By the end of the second quarter, the average non-performing loan ratio for commercial banks was at 1.76%, the CBIRC data showed, falling for the third consecutive quarter.

BoCom said its net interest margin – a key indicator of bank profitability – inched up to 1.55% at the end of June, from 1.54% at the end of March, while ICBC saw a slight fall to 2.12% from 2.14% over the same period.

CCB’s NIM remained steady from the end of March to end-June at 2.13%.

Analysts and bankers cautioned that the current lack of global stability could impact how China’s banks fare in the second-half.

“The unsynchronized pandemic prevention and control in the world, uneven economic recovery, increased expectations in monetary policy reorientation in major global economies,” will all impact China’s banking sector, said ICBC in its annual report.

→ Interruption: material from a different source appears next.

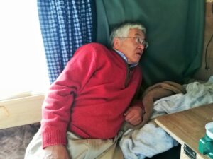 そして、池の周りにはテントを立て、椅子に座った老夫婦がぼんやりと目の前の風景を眺めています。

Analysts also highlighted the impact that domestic regulation could have on credit. In an August note, Morgan Stanley said credit growth could weaken more in the second half with policy tightening on 80% of credit demand in China, including property-related loan demand.

“The original assumption of robust recovery from COVID may need to be reviewed given the macro situation,” said Moody’s banks analyst and vice president Nicholas Zhu.

Banks “will need to be nimble and adaptive in the second half of the year”.